ISSN 2223-6775 Ukrainian journal of occupational health Vol.16, No 1, 2020

Implementation of modern requirements to methods of quantitative control of harmful chemical factors in the working zone air of pharmaceutical enterprises

Zazulyak T.S.

https://doi.org/10.33573/ujoh2020.01.033

Lviv national medical university named after Danylo Halytskyy, Lviv

Full article (PDF), UKR

Introduction. Monitoring of concentrations of active pharmaceutical ingredients is an integral part of monitoring the pollution of the manufacturing area in pharmaceutical manufacturers. The requirements of the present day dictate the need for revising and improving the control methods, which has determined the purpose and objectives of this work.

The purpose of the studyanalysis of the current state of methodological support of the quantitative control of levels of air pollution in the working zone by harmful substances at pharmaceutical enterprises and search for ways of its improvement.

Materials and methods. The study was conducted by examining the national legislative base and directive acts, standards and norms implemented within the framework of the Ukraine-EU Association Agreement, which regulate the control of chemical pollution of the working zone air.

Results. The analysis of the national and European legislation show that the state policy of Ukraine and the EU Member States in the field of occupational safety against chemicals is aimed at increasing the level of industrial safety. For this purpose, standard methods for measuring concentrations of harmful substances in the air should be developed. A scheme presented for developing methods of measuring concentrations of medicinal substances in the air of the working zone at farmaceutical enterprises covers specificity of the pharmaceutical production and actual analytical requirements to the methods. An essential point is to obtain evidence of the suitability of the method, namely its validation and verification as well as implementation of DSTU ISO/IEC 17025:2017 (Standard) into practice.
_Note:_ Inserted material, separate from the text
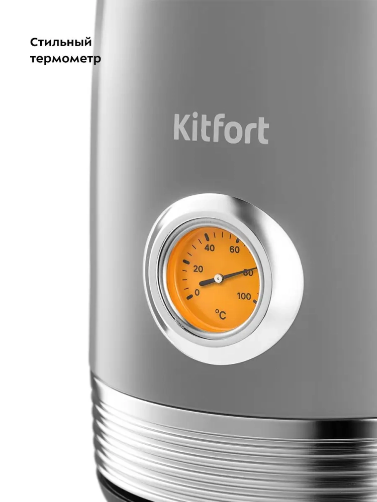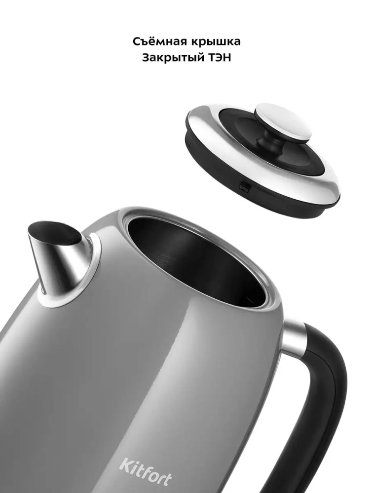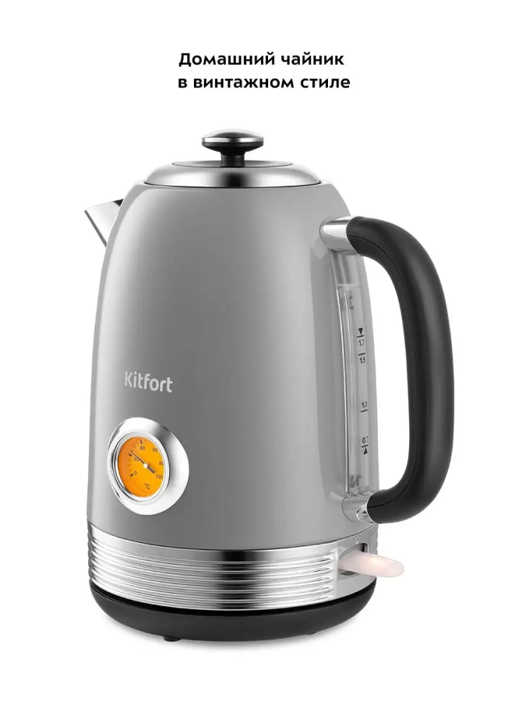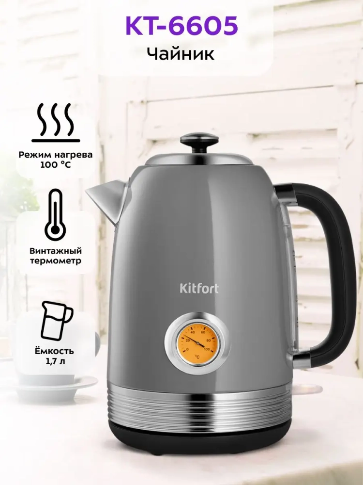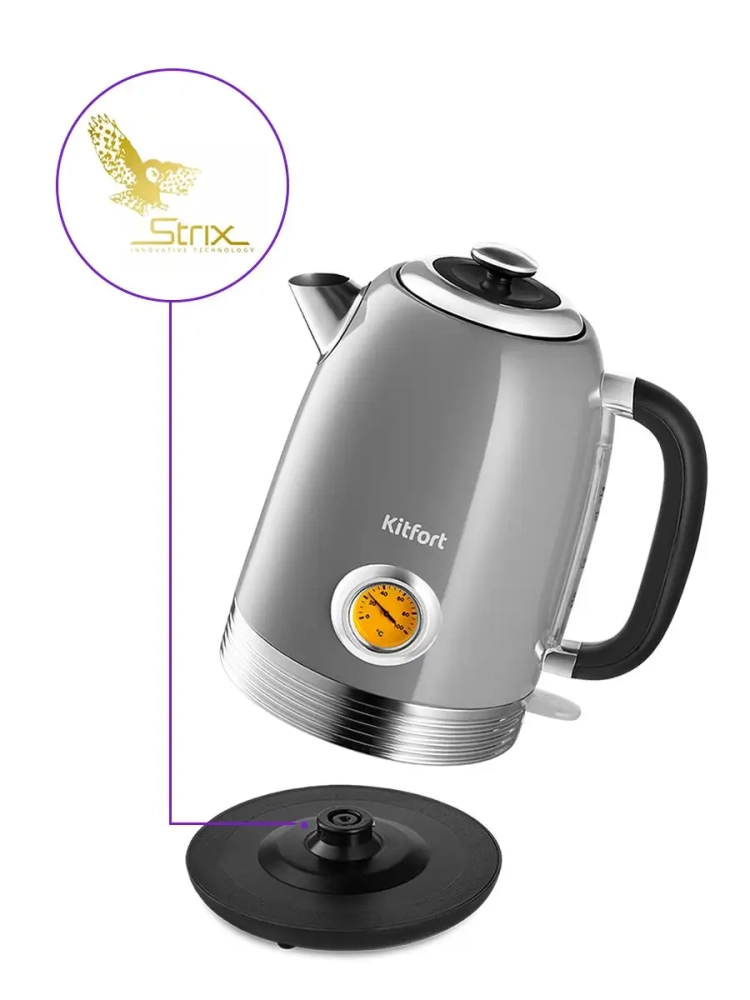 Электрический чайник Kitfort КТ-6605 предназначен для кипячения воды дома, в офисах и на дачах. Мощность чайника позволяет использовать его в домах со слабой проводкой. Корпус и крышка чайника выполнены из нержавеющей стали, а подставка — из пластика. Мерная шкала нанесена на корпус сзади. Ручка чайника пластиковая, не нагревается и удобно лежит в руке. Кнопка включения чайника расположена на корпусе снизу, на противоположной стороне от носика. При включении чайника загорается индикатор работы. На корпусе чайника расположен термометр биметаллического типа, который показывает температуру воды в чайнике. Это удобно, если вы готовите напитки, для которых требую тся определенная температура воды, например, зеленый чай, белый чай, кофе и т. д. Для корректной работы термометра наполняйте чайник водой выше минимального уровня. Нагревательный элемент (нагреватель ТЭН) у этой модели чайника скрытый и находится в донной части. Сверху бытовой электрочайник закрыт специальной металлической пластиной из нержавеющей стали, благодаря которой исключается прямой контакт ТЭНа с водой. Такая конструкция препятствует образованию накипи, облегчает уход и значительно снижает шум при нагревании воды. Подставка с центральным контактом дает возможность располагать на ней чайник в любом положении, обеспечивая вращение на 360°. Снизу имеется отсек для хранения шнура, в который можно смотать излишки шнура электропитания, чтобы он не мешал на столе. В носике чайника расположен съемный фильтр от накипи из нейлона, который задерживает частички накипи и предотвращает попадание их в чашку. Полный чайник 1,7 литра закипит за 7 минут. При закипании чайник автоматически отключится. Прибор имеет защиту от перегрева и от включения без воды: при включении без воды чайник нагревается и отключается (срабатывает защита от перегрева).

Conclusions. The harmonization of the national legislation with EU normative acts puts forward new requirements to the methodological support of the process of development of methods for controlling harmful chemical factors in production conditions. The development of methods of the control of chemical pollution in the production environment of pharmaceutical enterprises should be carried out in accordance with the requirements of the EU directive acts, DSTU EN 482, 2016. It is proposed a scheme for developing methods of measuring concentrations of chemicals in the air of the working zone at farmaceutical enterprises. The implementation of this scheme into practice will help to optimize actions on hygienic regulation and controlling levels of the effect of chemical factors in conditions of production of medicinal preparations.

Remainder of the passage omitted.